Argentina. Día del Trabajo Doméstico: cuidar en tiempos de pandemia

Por Florencia Trentini, Resumen Latinoamericano, 23 de julio de 2020.

Cada 22 de julio se celebra el Día Internacional del Trabajo Doméstico, establecido durante el Segundo Encuentro Feminista Latinoamericano y del Caribe realizado en Lima en 1983. Este año se da en un contexto donde las tareas de cuidado cobraron una especial centralidad, obligándonos a (re)pensar el conflicto capital-vida.

De acuerdo con el Convenio 189 de la Organización Internacional del Trabajo (OIT), el trabajo doméstico es el realizado en un hogar u hogares, y quienes lo llevan a cabo lo hacen en el marco de una relación laboral.
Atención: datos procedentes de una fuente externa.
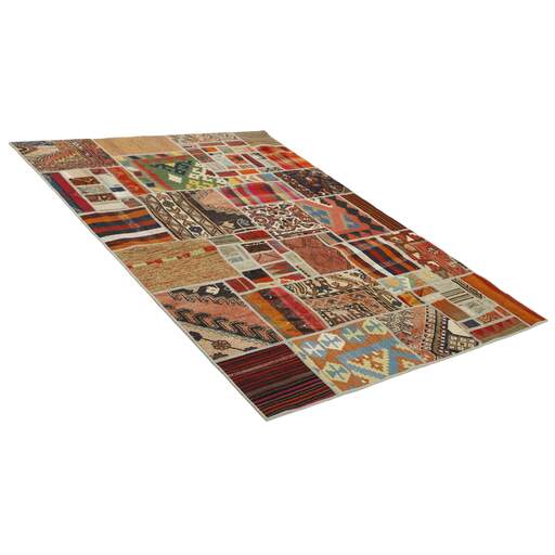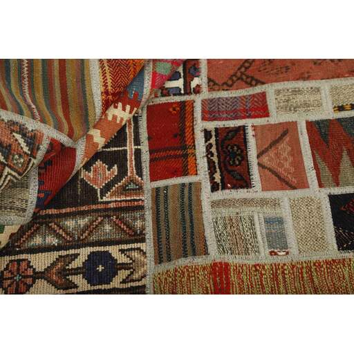 Tekkeh Kelims are produced from older Persian Kelims that have been cut into smaller pieces, sewn together, and given a back cover. Tekkeh means piece, so Tekkeh Kelim means a patchwork rug where many pieces have been sewn together. Tekkeh Kelims are available in many sizes and have thoroughly unique patterns. The rugs are produced from 20-50 year old Kelims. Kelim rugs are hand woven rugs that are made using a special weaving technique, giving the rugs a thinner, felt-like quality. Tekkeh Kelim is produced of older Persian kelim, cut into smaller pieces, sown together and with a backside applied. Tekkeh is the Persian name for pieces, and Tekkeh kelim is an expression for a patchwork rug, where several pieces are sown together. Tekkeh Kelim is available in many sizes and all pieces has unique patterns. used a special weaving technique, that gives the rug a thinner and felt like quality.

Se define entonces por el lugar de trabajo: un hogar privado en el que se prestan tareas y servicios de cuidado tanto de la casa como de las personas que allí habitan. Esta definición no contempla el trabajo doméstico que se realiza en hogares familiares, por fuera de una relación laboral.

El pensamiento ortodoxo asociado a la economía neoclásica ha sedimentado la fuerte relación entre economía-actividades mercantiles-producción de riqueza, poniendo el foco en la reproducción del capital, invisibilizando la reproducción de la vida. En este proceso ciertos actores (y actrices) fueron históricamente invisibilizados al momento de pensar la Economía con mayúsculas.

Así el concepto de trabajo se cristalizó como sinónimo de trabajo asalariado o empleo, separando de forma tajante el ámbito laboral del ámbito familiar, escindiendo lo público de lo privado. El trabajo doméstico quedó relegado al mundo del hogar, oculto, en un ámbito no pensado como económico. Por esto nos acostumbramos a repetir: “Mi mamá no trabaja, es ama de casa”. Y aun hoy muchas mujeres que salen de sus casas a “trabajar” sostienen que eso que hacen es una “ayuda” y no un trabajo, mientras en paralelo los hombres “ayudan” en la casa levantando la mesa.

“Trabajo”, “ayuda”, “ingreso”, “renta”, “salario”, “cuidado” no son conceptos libres de cargas fuertemente hegemónicas, son construcciones de sentido que instantáneamente asociamos a determinadas prácticas y determinades sujetes. Sus significados son también fuertemente asimétricos. Así aprendemos desde niñes que hay ciertas tareas por las que mereceremos recibir dinero y derechos y otras, generalmente las asociadas al cuidado, serán una “vocación” (dícese de una llamada o inspiración procedente de Dios para llevar una forma de vida o una inclinación que sentimos en nuestro interior para dedicarnos a algo) y será mal visto exigir derechos o una remuneración económica por realizarlas.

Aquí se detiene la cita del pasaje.